• Task description
The copy you print must match the listing exactly, with its pictures removed.
---------- The data
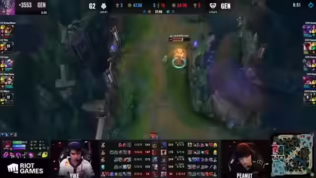 04:12:52Das zweite Spiel zwischen G2 und Gen.G wird als Schlüsselmatch angesehen, um den Einzug in die nächste Runde zu sichern. G2 soll als First Seed aus der LEC nicht mehr mithalten können, sondern als dritte Kraft agieren und Gen.G nur noch einen Sieg davon trennt, als zweites Team aus der LPL in die nächste Runde einzuziehen. Das Spiel könnte eine Wiederholung der Rivalität zwischen Jankos und Peanut bedeuten, die im World Final kulminieren könnte.
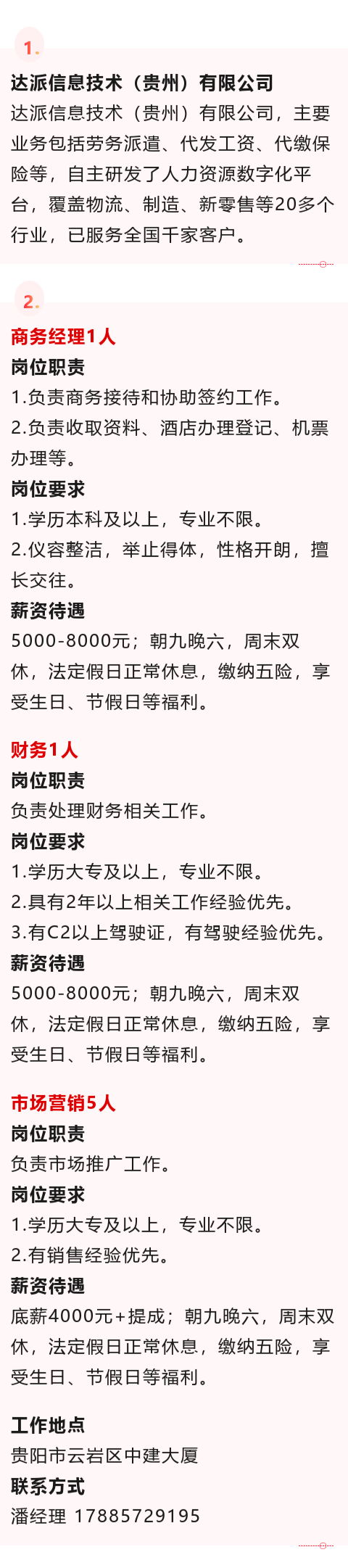 【贵阳市云岩区】达派信息技术(贵州)有限公司招聘!月薪可达8000元!
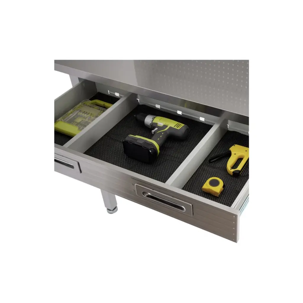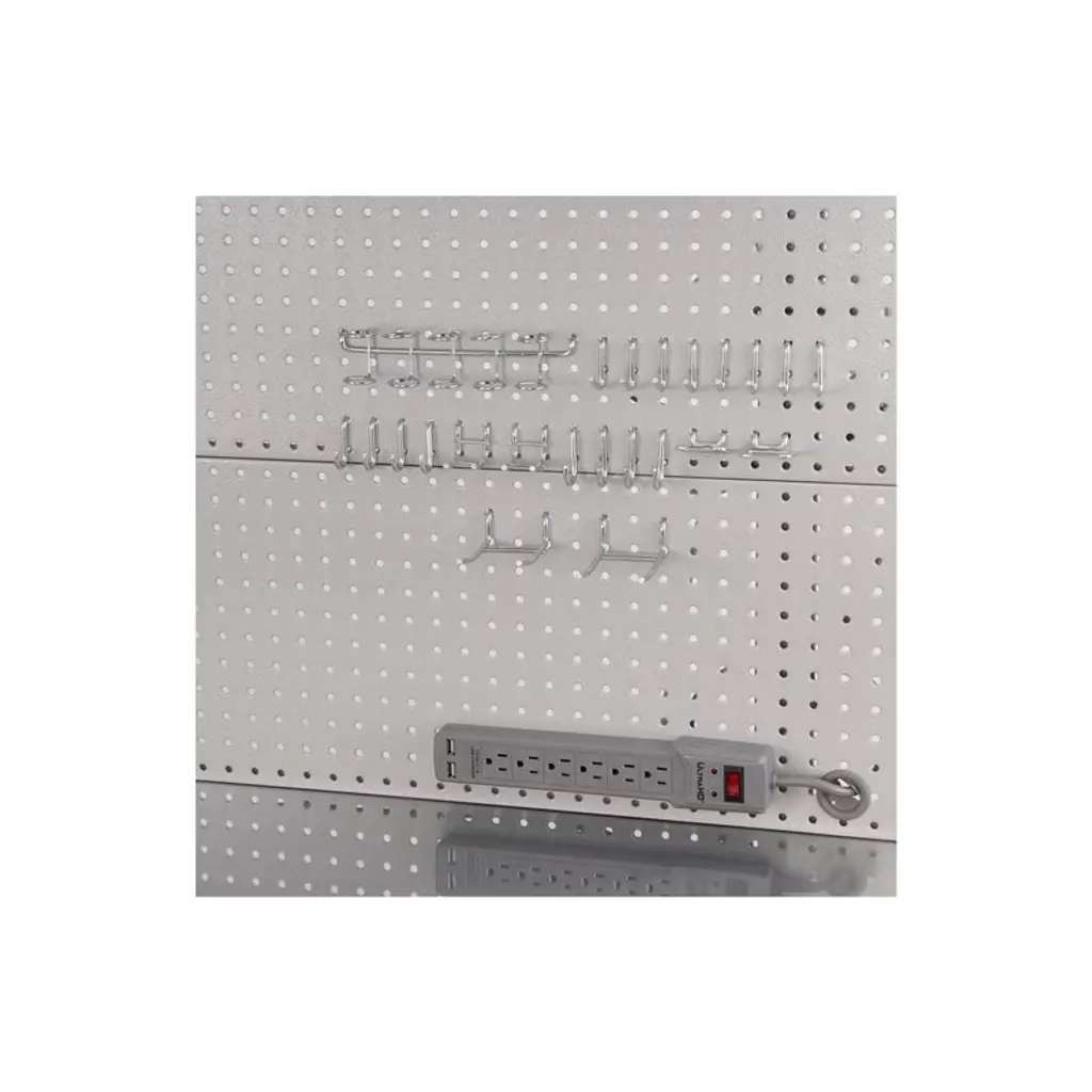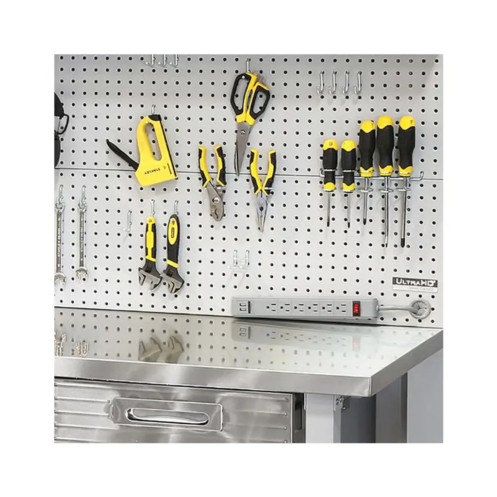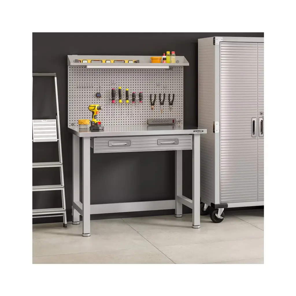 Upgrade your home or garage workshop with Seville Classics UltraHD lighted work center with steel pegboard. Enjoy a solid beech wood top (1.5" thick) mounted on a commercial-grade steel frame. Store tools and equipment on the large (24" x 48") steel pegboard which includes a 23-piece assortment of peg hooks, hangers, and holders. The table features a pull-out organizer drawer with adjustable dividers for sorting tools, gadgets, and supplies. Work into the night with a LED light beneath the cantilevered top shelf. The storage drawer features a stainless-steel front protected with UltraGuard fingerprint-resistant coating. All tools required for assembly are included for quick and easy setup. The assembled unit including the pegboard measures 48 inches wide by 24 inches deep and 65.5 inches high. The Table measures 48 inches wide by 24 inches deep and about 41.5 inches in height.
--------------------
• Result of this exercise
 04:12:52Das zweite Spiel zwischen G2 und Gen.G wird als Schlüsselmatch angesehen, um den Einzug in die nächste Runde zu sichern. G2 soll als First Seed aus der LEC nicht mehr mithalten können, sondern als dritte Kraft agieren und Gen.G nur noch einen Sieg davon trennt, als zweites Team aus der LPL in die nächste Runde einzuziehen. Das Spiel könnte eine Wiederholung der Rivalität zwischen Jankos und Peanut bedeuten, die im World Final kulminieren könnte.
 【贵阳市云岩区】达派信息技术(贵州)有限公司招聘!月薪可达8000元!
 Upgrade your home or garage workshop with Seville Classics UltraHD lighted work center with steel pegboard. Enjoy a solid beech wood top (1.5" thick) mounted on a commercial-grade steel frame. Store tools and equipment on the large (24" x 48") steel pegboard which includes a 23-piece assortment of peg hooks, hangers, and holders. The table features a pull-out organizer drawer with adjustable dividers for sorting tools, gadgets, and supplies. Work into the night with a LED light beneath the cantilevered top shelf. The storage drawer features a stainless-steel front protected with UltraGuard fingerprint-resistant coating. All tools required for assembly are included for quick and easy setup. The assembled unit including the pegboard measures 48 inches wide by 24 inches deep and 65.5 inches high. The Table measures 48 inches wide by 24 inches deep and about 41.5 inches in height.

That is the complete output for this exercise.